<<<<
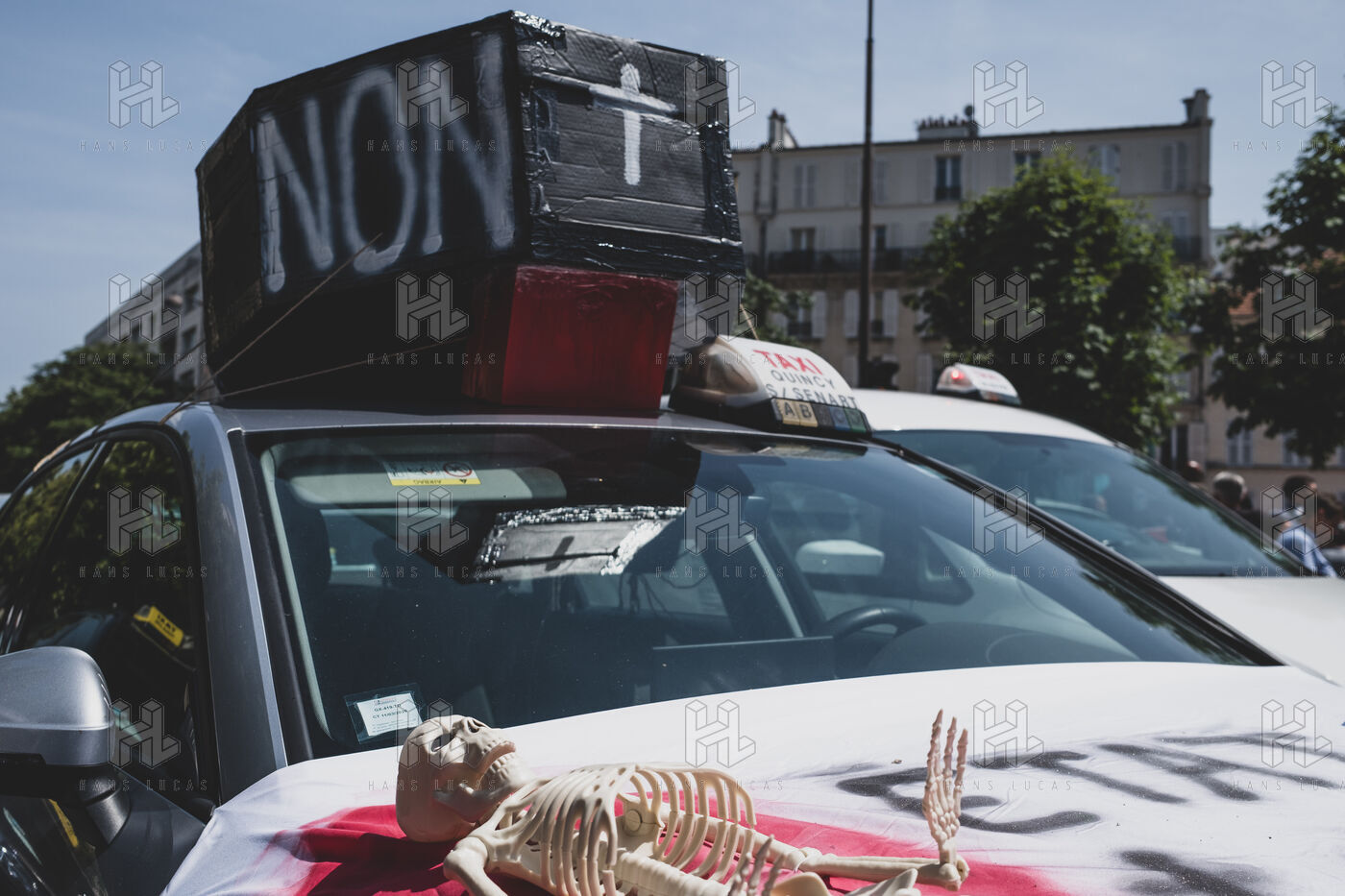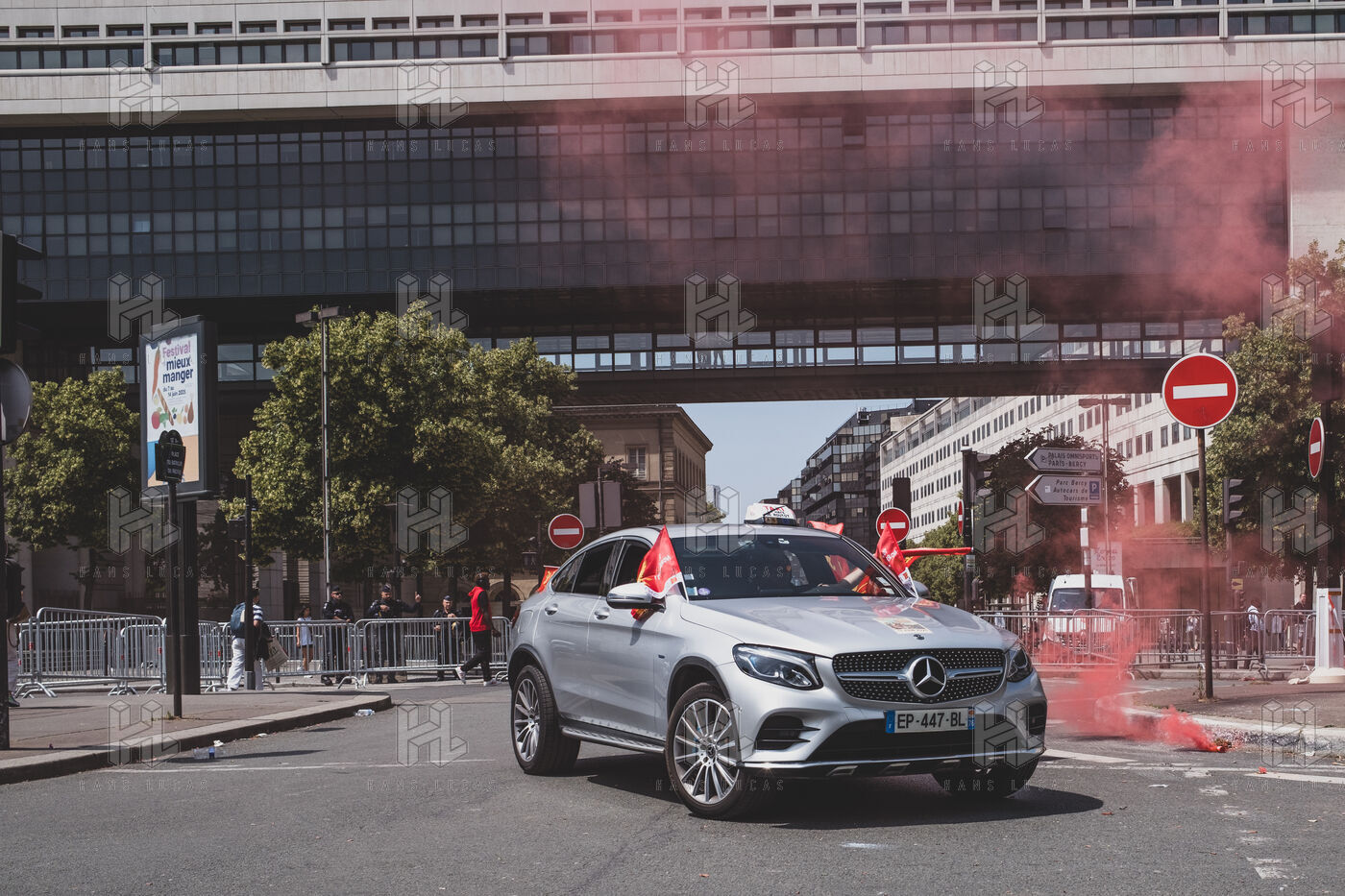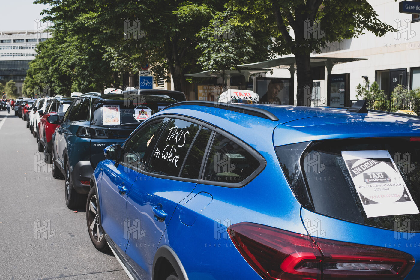 Cab drivers are staging another protest against the new CNAM agreement, blocking streets and avenues in front of Bercy and the Ministry of the Economy.
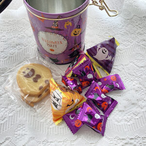 ハロウィンキャニスター缶(パープル・オレンジ) 税込680円
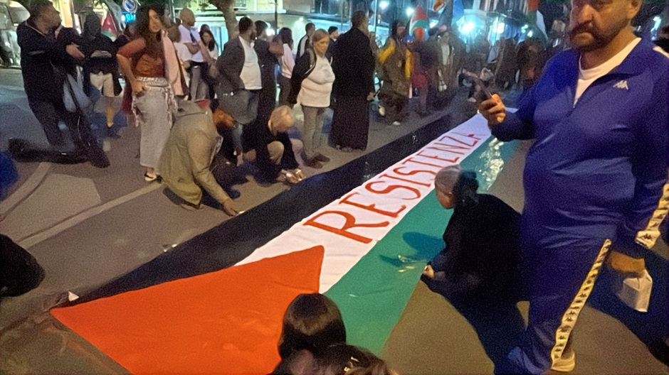 Manifestazione Propal questa sera a Palermo. Circa 500 persone si sono radunate in piazza Sant’Antonino nei pressi della Stazione centrale e poi un corteo si recheranno verso i cancelli dell’industria Leonardo per protestare contro il riarmo. Prima di partire hanno realizzato una bandiera della Palestina con la scritta Resistenza.
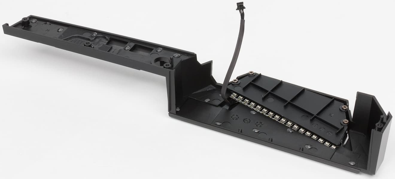 Над аудиоподсистемой и над блоком разъемов задней панели установлен пластиковый кожух соответствующего дизайна и с подсветкой, радиаторов там нет.
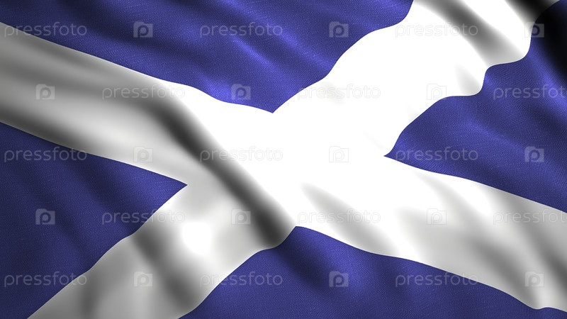 Красивое полотно с национальным флагом. Движение. 3D-фонд со знаменем, размахивающимся на ветре. 3D-анимация движущегося текстильного флага Шотландии
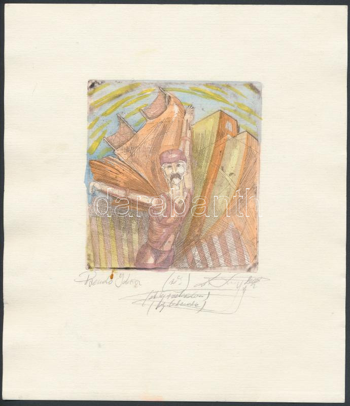 Beschreibung: Olvashatatlan jelzéssel: Pszeudo Ikarusz. Színezett rézkarc, papír, 11×10 cm
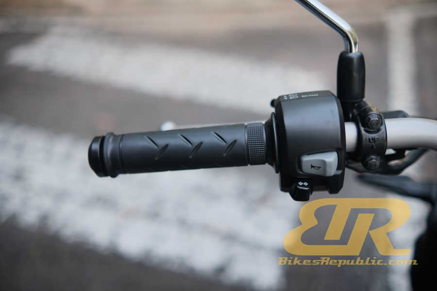 The dimensions of the bike felt so right when we first climbed on. Small around the “waist” (where the seat meets the tank), low seat height, handlebar in the right position. Its low weight shone through even before we began moving. The bike was easy to push around while we were in the saddle. That was a plus point.
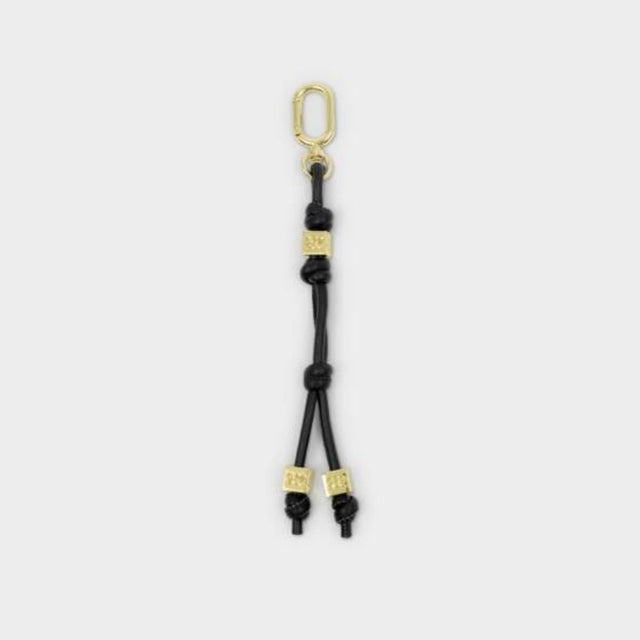 Elevate your everyday accessories with the Katie Loxton Gia Bag Charm in Black. This elegant keyring is crafted from soft vegan leather in a classic black shade that pairs effortlessly with any handbag or outfit. The statement knotted design brings a modern, textured element, while the gold-tone hardware and branded charm add a luxurious touch. Designed to be both beautiful and practical, it easily clips onto keys, tote handles, backpacks, or crossbody bags. Whether you're looking for a sleek personal accessory or a thoughtful gift, this charm ticks all the right boxes.
>>>>
§ **YOUR OBJECTIVE**:
Please copy the records above word for word, omitting every picture.

§ **REPLY TO THE TASK**:
 Cab drivers are staging another protest against the new CNAM agreement, blocking streets and avenues in front of Bercy and the Ministry of the Economy.
 ハロウィンキャニスター缶(パープル・オレンジ) 税込680円
 Manifestazione Propal questa sera a Palermo. Circa 500 persone si sono radunate in piazza Sant’Antonino nei pressi della Stazione centrale e poi un corteo si recheranno verso i cancelli dell’industria Leonardo per protestare contro il riarmo. Prima di partire hanno realizzato una bandiera della Palestina con la scritta Resistenza.
 Над аудиоподсистемой и над блоком разъемов задней панели установлен пластиковый кожух соответствующего дизайна и с подсветкой, радиаторов там нет.
 Красивое полотно с национальным флагом. Движение. 3D-фонд со знаменем, размахивающимся на ветре. 3D-анимация движущегося текстильного флага Шотландии
 Beschreibung: Olvashatatlan jelzéssel: Pszeudo Ikarusz. Színezett rézkarc, papír, 11×10 cm
 The dimensions of the bike felt so right when we first climbed on. Small around the “waist” (where the seat meets the tank), low seat height, handlebar in the right position. Its low weight shone through even before we began moving. The bike was easy to push around while we were in the saddle. That was a plus point.
 Elevate your everyday accessories with the Katie Loxton Gia Bag Charm in Black. This elegant keyring is crafted from soft vegan leather in a classic black shade that pairs effortlessly with any handbag or outfit. The statement knotted design brings a modern, textured element, while the gold-tone hardware and branded charm add a luxurious touch. Designed to be both beautiful and practical, it easily clips onto keys, tote handles, backpacks, or crossbody bags. Whether you're looking for a sleek personal accessory or a thoughtful gift, this charm ticks all the right boxes.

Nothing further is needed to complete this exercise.